--- Supplied data ---
================================

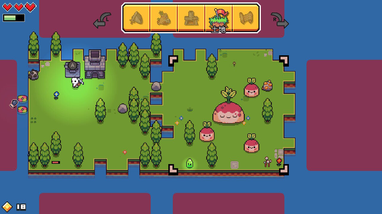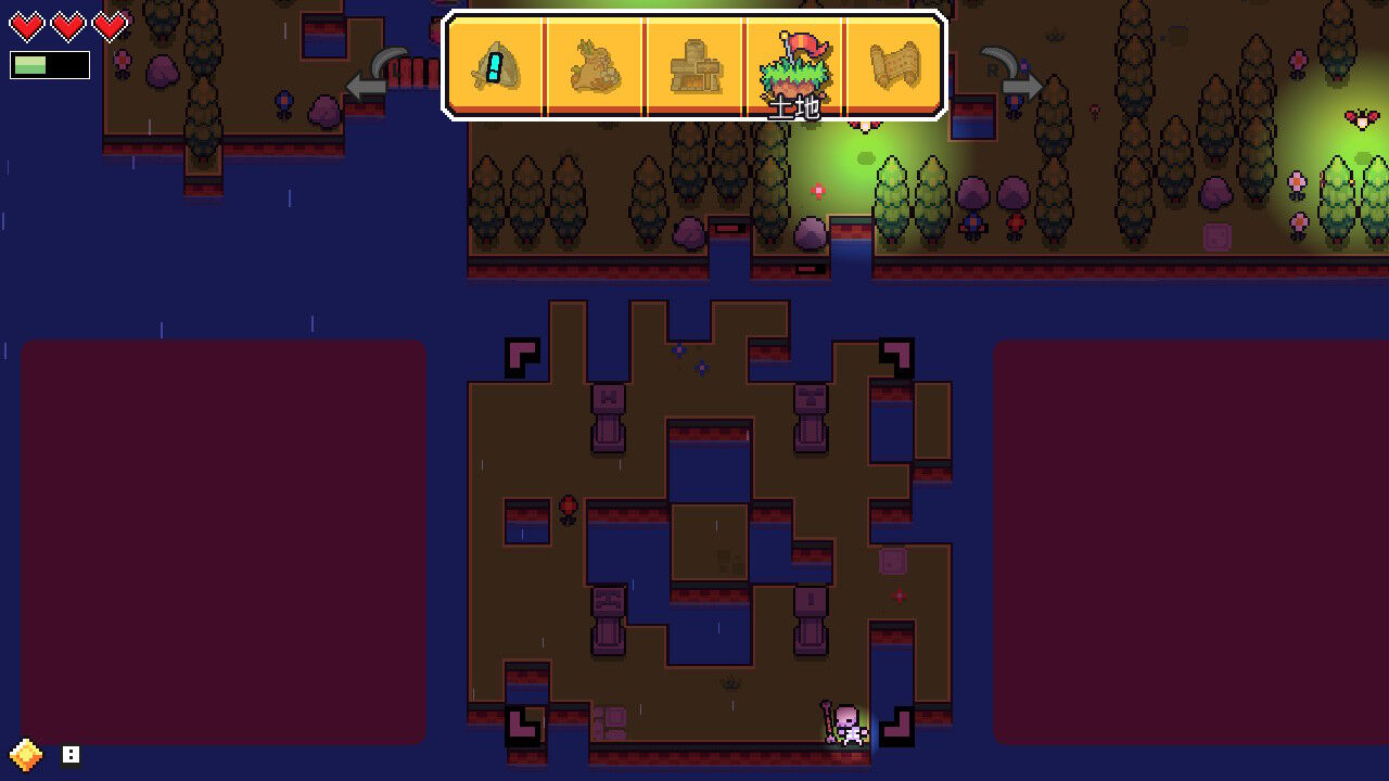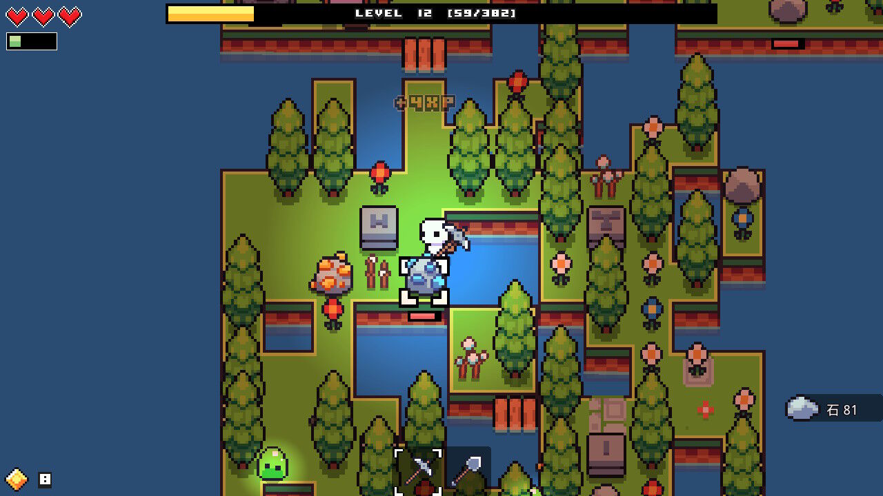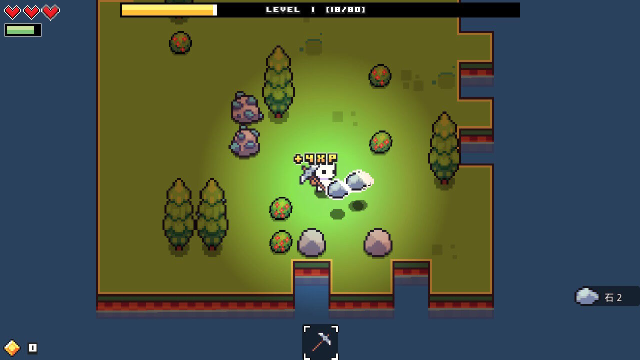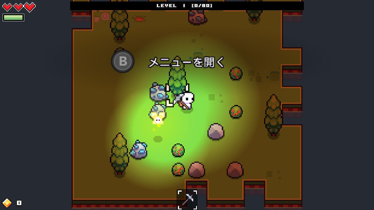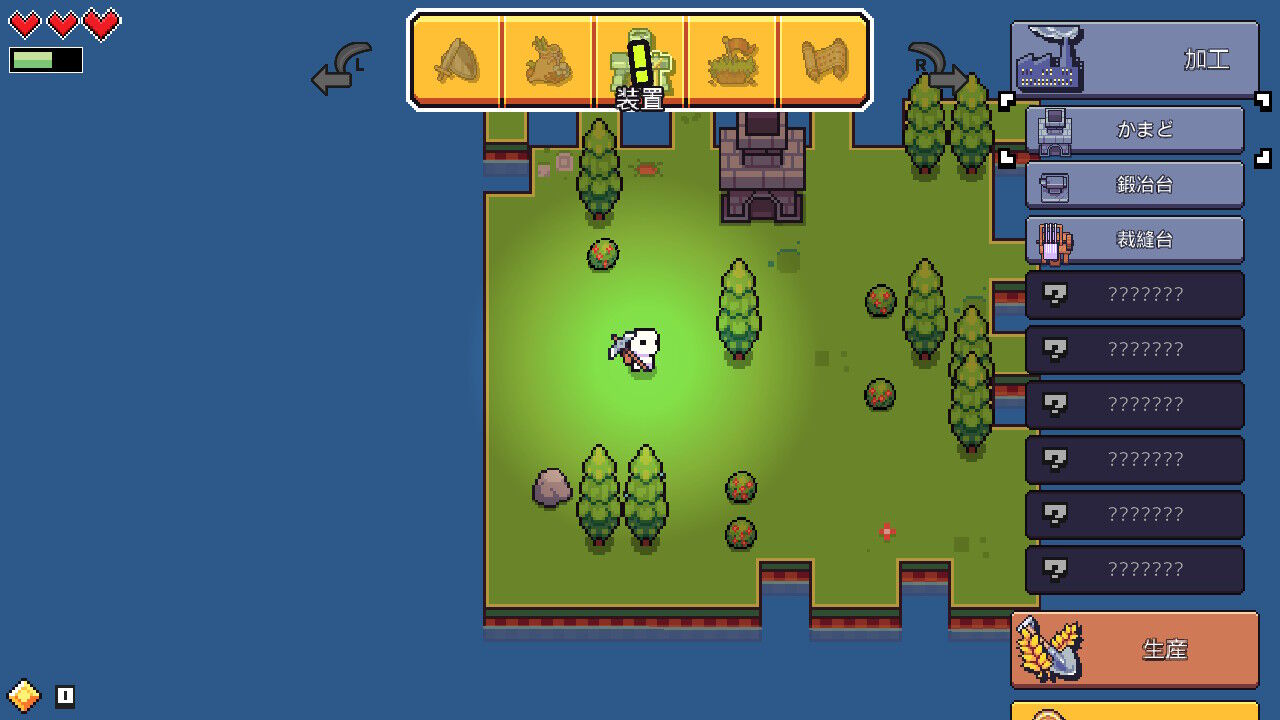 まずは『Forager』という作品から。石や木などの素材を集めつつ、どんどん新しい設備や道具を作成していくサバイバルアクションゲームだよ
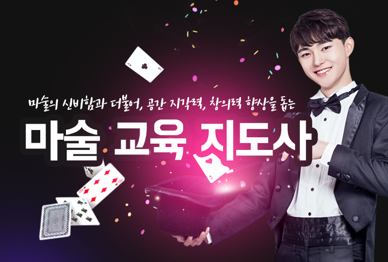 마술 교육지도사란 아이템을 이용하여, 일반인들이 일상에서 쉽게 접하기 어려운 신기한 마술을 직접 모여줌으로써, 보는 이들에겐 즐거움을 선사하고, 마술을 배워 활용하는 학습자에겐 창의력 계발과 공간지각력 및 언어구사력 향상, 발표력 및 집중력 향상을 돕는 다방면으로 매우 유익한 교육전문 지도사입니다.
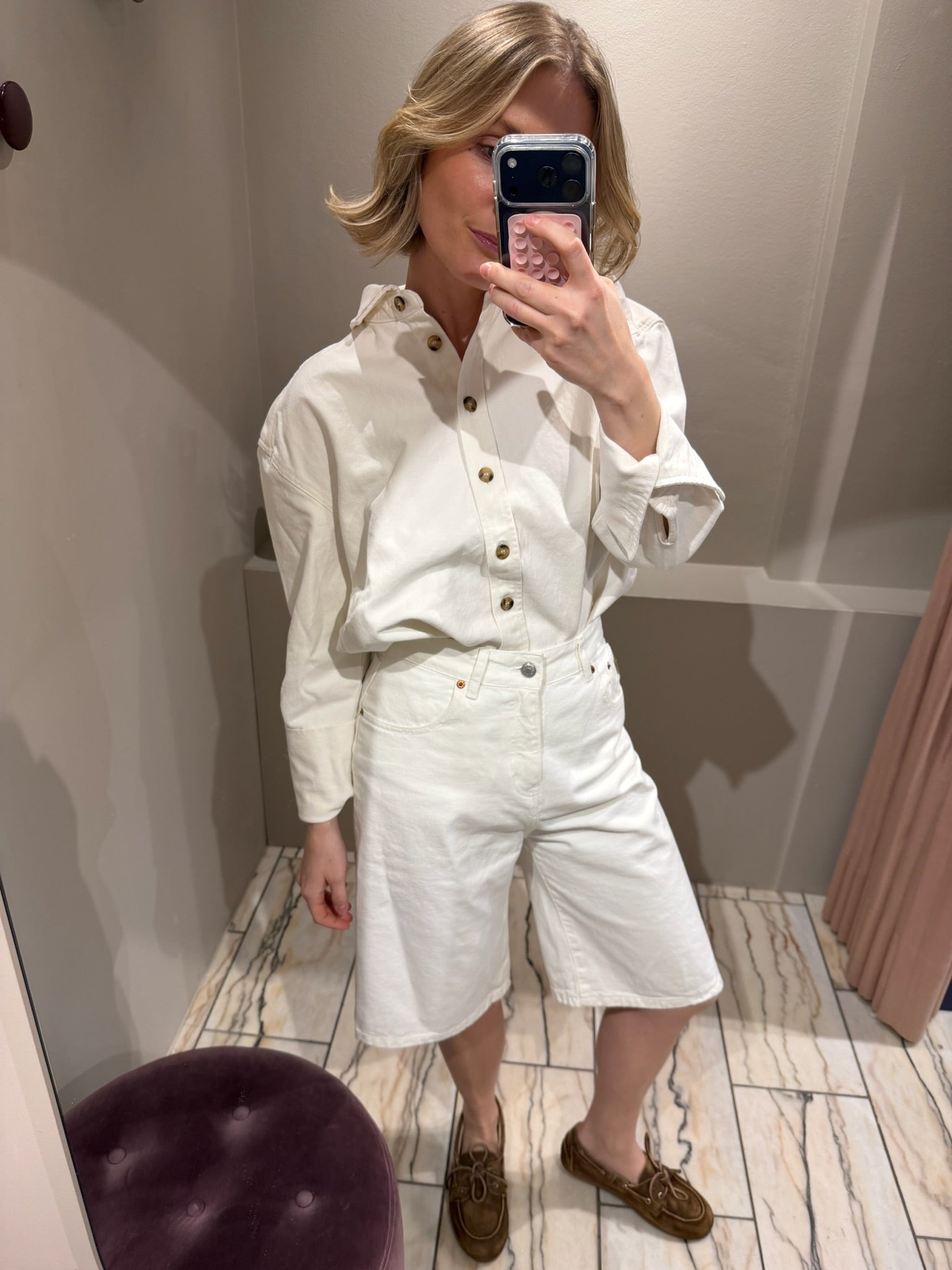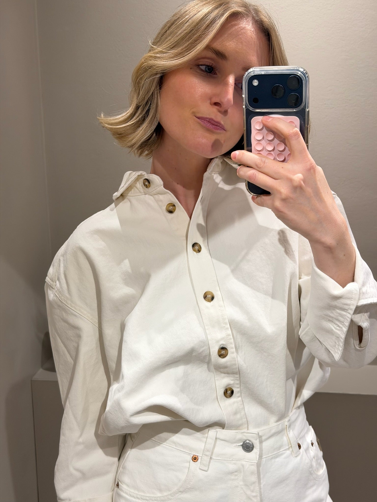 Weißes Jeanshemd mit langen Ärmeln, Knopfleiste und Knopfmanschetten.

================================

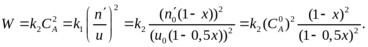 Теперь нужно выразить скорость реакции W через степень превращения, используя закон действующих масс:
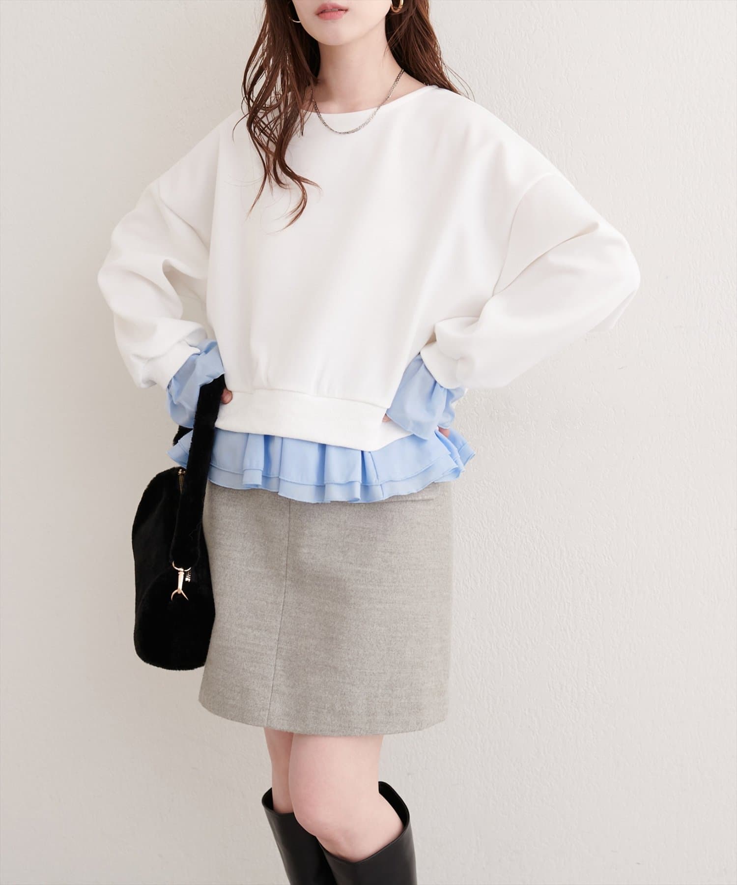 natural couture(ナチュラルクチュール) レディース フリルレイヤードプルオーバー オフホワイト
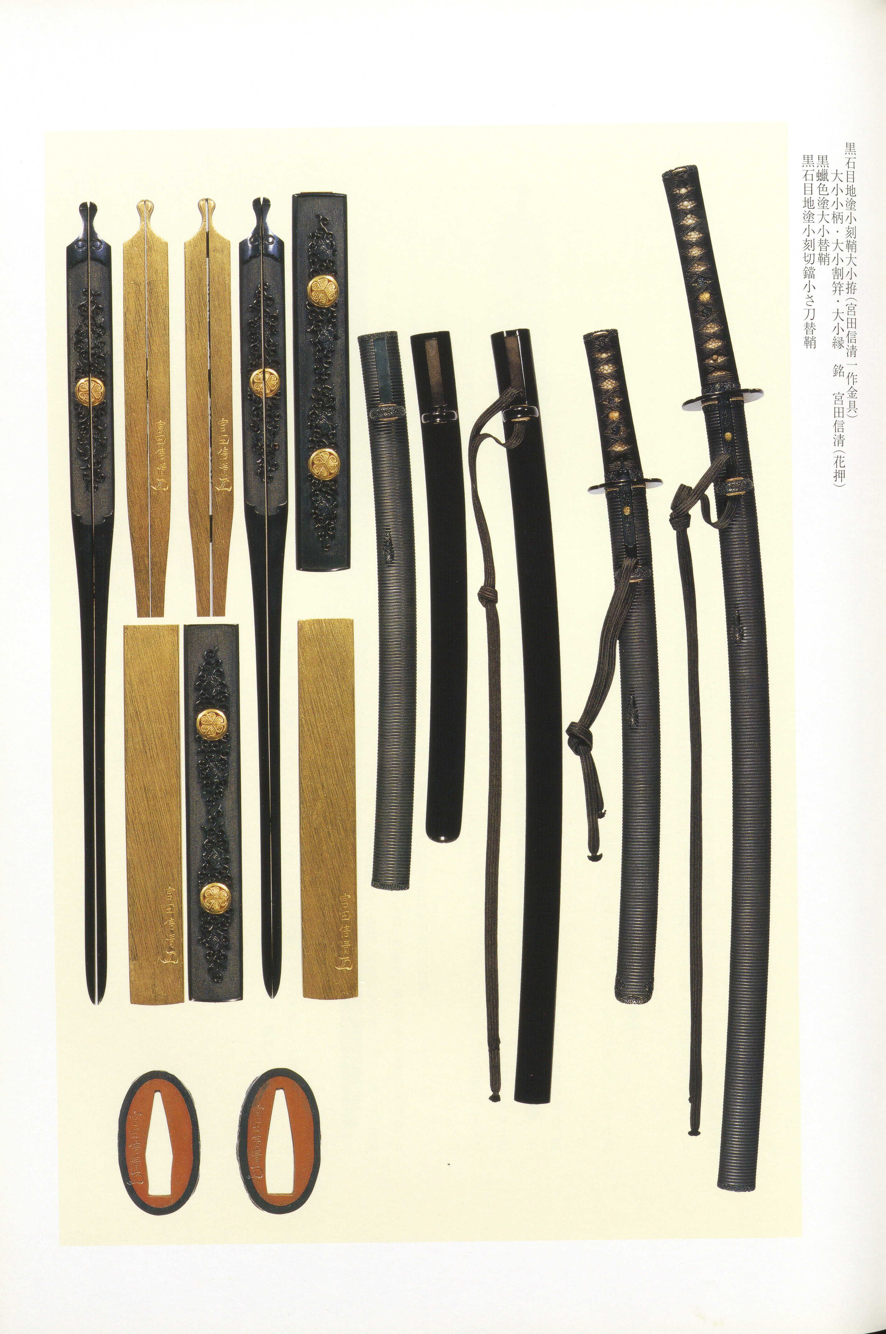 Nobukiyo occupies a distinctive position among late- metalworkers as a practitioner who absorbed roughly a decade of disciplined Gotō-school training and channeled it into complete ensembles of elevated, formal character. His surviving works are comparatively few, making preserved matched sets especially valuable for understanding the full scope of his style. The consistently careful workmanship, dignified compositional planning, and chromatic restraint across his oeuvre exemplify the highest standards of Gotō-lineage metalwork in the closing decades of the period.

================================

Copy only what lies between the line with "Теперь нужно выразить" and the line with "natural couture(ナチュラルクチュール) レディース", those two lines included, exactly as given above; pictures stay out.

--- Task output ---
 Теперь нужно выразить скорость реакции W через степень превращения, используя закон действующих масс:
 natural couture(ナチュラルクチュール) レディース フリルレイヤードプルオーバー オフホワイト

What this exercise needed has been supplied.